Example 4: Planning a New Test

You want to test a new landing page. Your current conversion rate is 4% and you want to detect at least a 15% relative improvement.

plan = conversion.sample_size(
    current_rate=4,       # 4% conversion rate
    lift_percent=15,      # detect 15% lift (4% → 4.6%)
    confidence=95,
    power=80,
)

print(f"Need {plan.visitors_per_variant:,} visitors per variant")
print(f"Total: {plan.total_visitors:,} visitors")

# With 5,000 visitors/day
plan.with_daily_traffic(5000)
print(f"Duration: {plan.test_duration_days} days")

Output:

Need 15,708 visitors per variant
Total: 31,416 visitors
Duration: 7 days


Example 5: Stakeholder Report

Generate a report to share with your team:

result = conversion.analyze(
    control_visitors=10000,
    control_conversions=500,
    variant_visitors=10000,
    variant_conversions=600,
)

report = conversion.summarize(
    result,
    test_name="Homepage Hero Banner Test"
)
print(report)

Output:

## 📊 Homepage Hero Banner Test Results

### ✅ Significant Result

**The test variant performed significantly higher than the control.**

- **Control conversion rate:** 5.00% (500 / 10,000)
- **Variant conversion rate:** 6.00% (600 / 10,000)
- **Relative lift:** +20.0% increase
- **P-value:** 0.0003
- **Confidence level:** 95%

### 📝 What This Means

With 95% confidence, the difference is statistically significant.
The p-value of **0.0003** indicates there's only a **0.03%** chance
this result is due to random variation.
The variant shows a **20.0%** improvement over control.
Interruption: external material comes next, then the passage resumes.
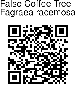 False Coffee Tree is a shrub or small to medium-sized tree up to 25 m tall, bole up to 30 cm in diameter. The leaves are opposite, have stout stalks, and very leathery, oblong or ovate, 15-33 cm in length, 8-18 cm in width, rounded or somewhat heart-shaped at the base, and pointed at the tip. The stipules from a cup around the stem on which the leaves are borne. The flowers are borne in clusters on terminal inflorescences which are often 20-30 cm in length. They have a white, funnel-shaped corolla about 2.5 to 3 cm in diameter, with 5 prominent lobes. Fruit is round to ellipsoid-ovoid, apiculate, bluish or greenish or red when ripe, about 1 cm in diameter.

Example 6: Confidence Interval

Understand the uncertainty in your conversion rate:

ci = conversion.confidence_interval(
    visitors=5000,
    conversions=250,
    confidence=95,
)

print(f"Conversion rate: {ci.rate:.2%}")
print(f"95% CI: [{ci.lower:.2%}, {ci.upper:.2%}]")
print(f"Margin of error: ±{ci.margin_of_error:.2%}")

Output:

Conversion rate: 5.00%
95% CI: [4.43%, 5.63%]
Margin of error: ±0.60%

Interpretation: We're 95% confident the true conversion rate is between 4.43% and 5.63%.